Stored items from a collection
▶

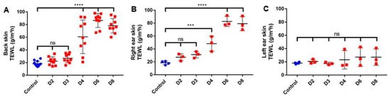 The experimental results for TEWL measurements of the back showed identical results from three different sites including left flank, right flank and upper back. A significant increase of TEWL values from 20 g/m2/h to approximately 80 g/m2/h was observed starting from day 4 of IMQ application. This result indicates the disruption of the epidermal barrier caused by psoriasis overtime. Likewise, the TEWL measurements for the right ear (treated with IMQ) showed a significant increase, whereas, the TEWL values for the left control ear (without IMQ) did not increase statistically during all the experimental days (Figure 6).
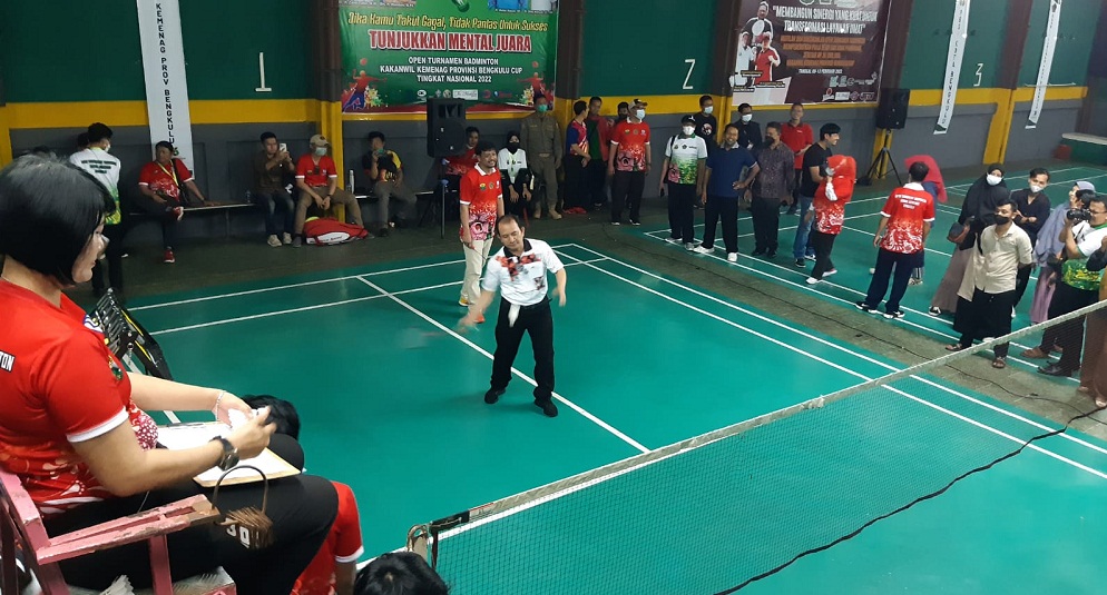 Bengkulu, Siberindo.co – Open Turnaman Badminton Kepala Kantor Wilayah (Kakanwil) Kementerian Agama (Kemenag) Cup Tingkat Nasional 2022, dalam rangka memeriahkan Hari Amal Bhakti (HAB) ke-76 resmi bergulir. Sebanyak 102 peserta mulai tempur habis-habisan memperebutkan piala Kakanwil dan hadiah puluhan juta rupiah.
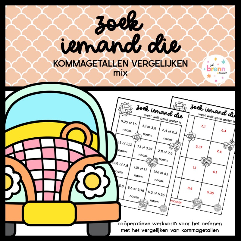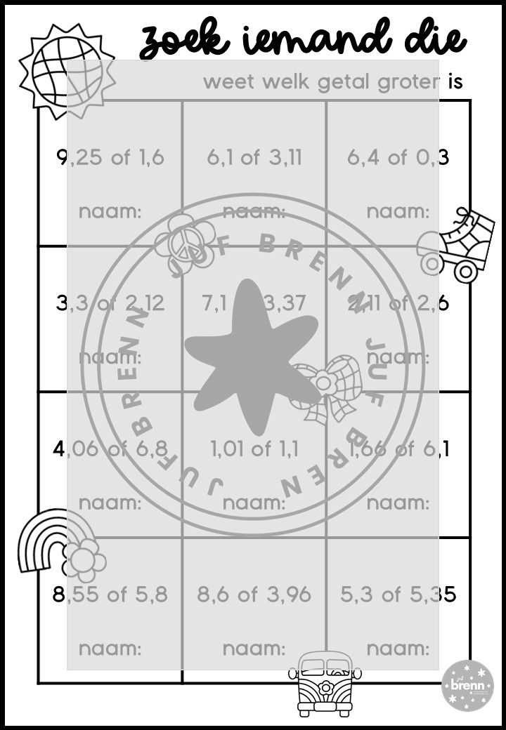 Deze download bevat Zoek iemand die. Met deze werkvorm kun je jouw leerlingen laten oefenen met het vergelijken van kommagetallen met 1 en / of 2 decimalen achter de komma. Welk getal is groter? Het is geschikt voor groep 6/7/8. Klik op de downloadbutton hieronder om het bestand te downloaden. (let op! je hoeft het niet aan je winkelmandje toe te voegen)
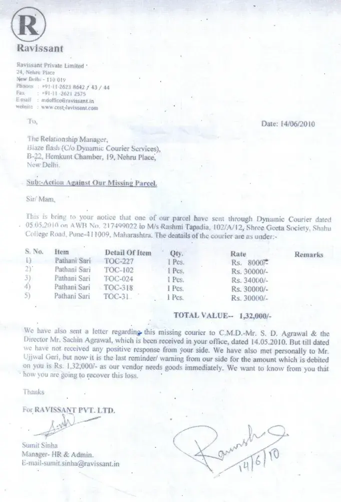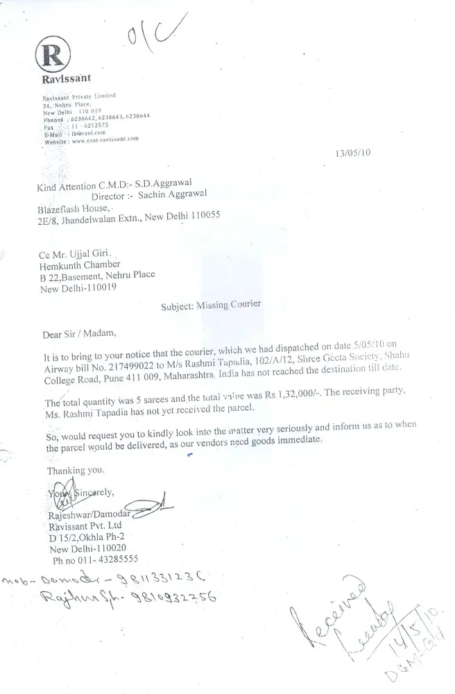 Till 15/05/2010 while Pune office kept telling receiver that train was in accident (derailed) and blah blal, Delhi office fabricated a story of parcel stolen from Railways. Neither is found to have substance.
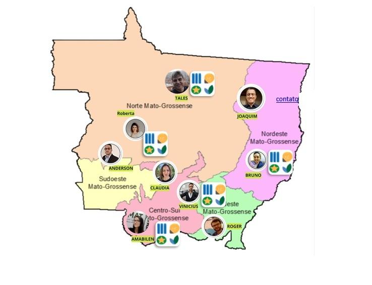 Na Baixada Cuiabana, atuam como agentes de inovação Vinicius Morais Paula, Claudia Marisa Rosa e Rosane Vieiro Veiga. No polo Centro-Sul, com sede em Cáceres, o agente é Amabilen de Oliveira Furlan. O Polo Sudoeste conta com Anderson Gheller Froehlich; o Polo Nordeste, com Bruno Elias Menezes; o Polo Araguaia, com Joaquim Manoel da Silva; o Polo Médio Norte, com Roberta Leal Raye Cargnin; o Polo Sul, com Roger Resmini; e o Polo Norte, com Tales Nereu Bogoni.
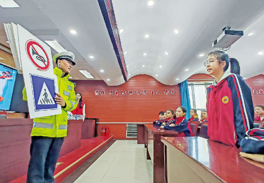 11月27日,乌鲁木齐市沙依巴克区八一街道博物馆社区联合乌市公安局交管支队沙依巴克区大队北园春片区中队,在乌鲁木齐市第55小学开展雪假交通安全知识宣传活动,通过“课堂+现场”的形式,为同学们送上雪假安全“第一课”。图为民警向同学们讲解交通标识的含义。
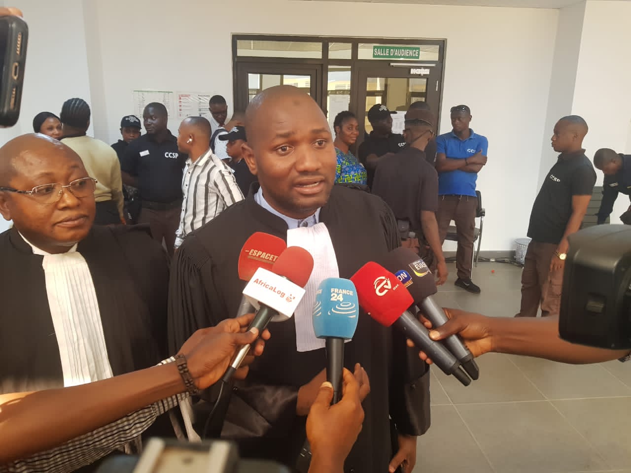 ‘’Nous sommes venus signifier au tribunal notre décision de suspendre notre participation au procès jusqu’à ce que les conditions soient créés pour garantir à nos clients leur droit d’accès à leurs avocats’’, a déclaré Maître Almamy Samory Traoré à fin de l’audience.
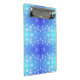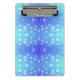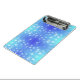 A clipboard featuring a blue and teal bokeh pattern, with round white dots giving it a soft, calming effect. The metallic clip is shiny and reflective.
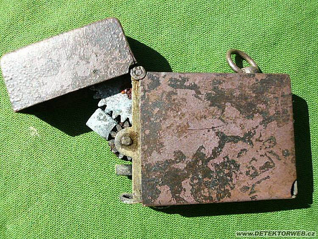 Zapalovač s mechanismem, kdy se při otevření zároveň škrtá.
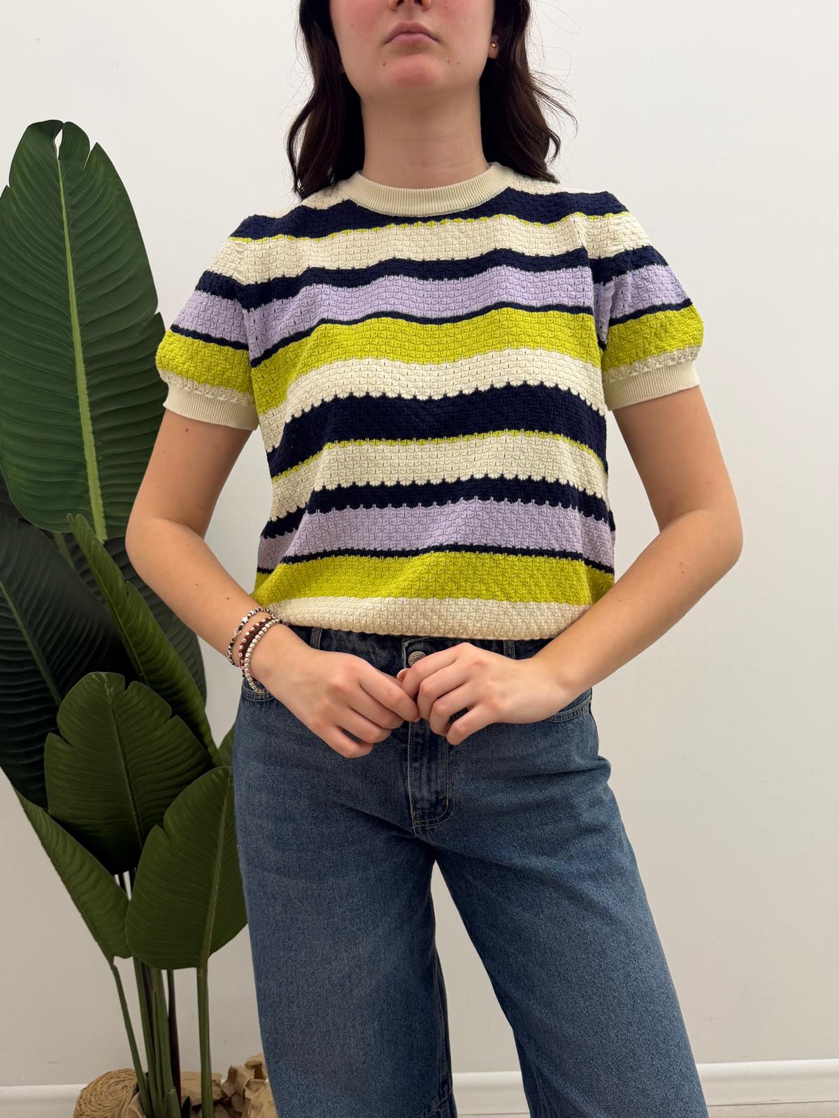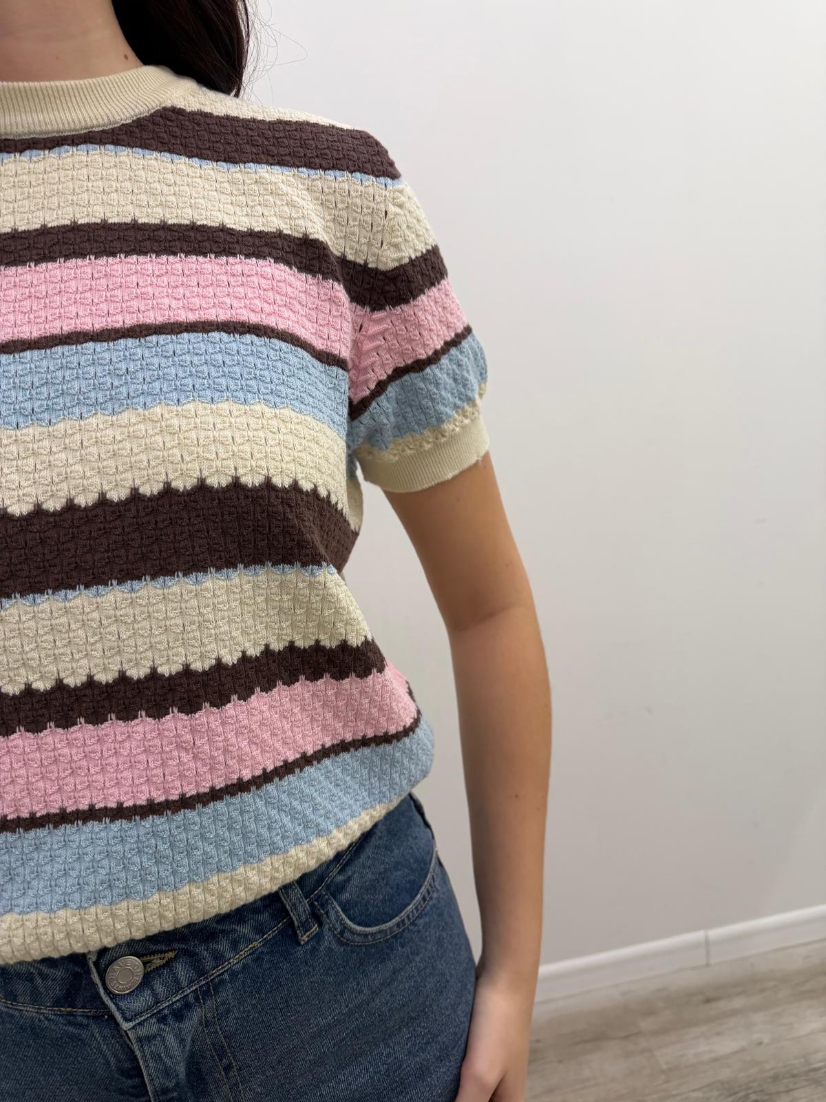 Maglia a mezza manica rigata leggermente traforata con scollo rotondo e rifiniture a costine del collo, fondo e polsini.

◀

### ASSIGNMENT
In the records above, find the line with "Till 15/05/2010 while" and the line with "Na Baixada Cuiabana, atuam", then restate word for word only those two lines and all lines between, omitting pictures.

### WRITTEN RESPONSE
 Till 15/05/2010 while Pune office kept telling receiver that train was in accident (derailed) and blah blal, Delhi office fabricated a story of parcel stolen from Railways. Neither is found to have substance.
 Na Baixada Cuiabana, atuam como agentes de inovação Vinicius Morais Paula, Claudia Marisa Rosa e Rosane Vieiro Veiga. No polo Centro-Sul, com sede em Cáceres, o agente é Amabilen de Oliveira Furlan. O Polo Sudoeste conta com Anderson Gheller Froehlich; o Polo Nordeste, com Bruno Elias Menezes; o Polo Araguaia, com Joaquim Manoel da Silva; o Polo Médio Norte, com Roberta Leal Raye Cargnin; o Polo Sul, com Roger Resmini; e o Polo Norte, com Tales Nereu Bogoni.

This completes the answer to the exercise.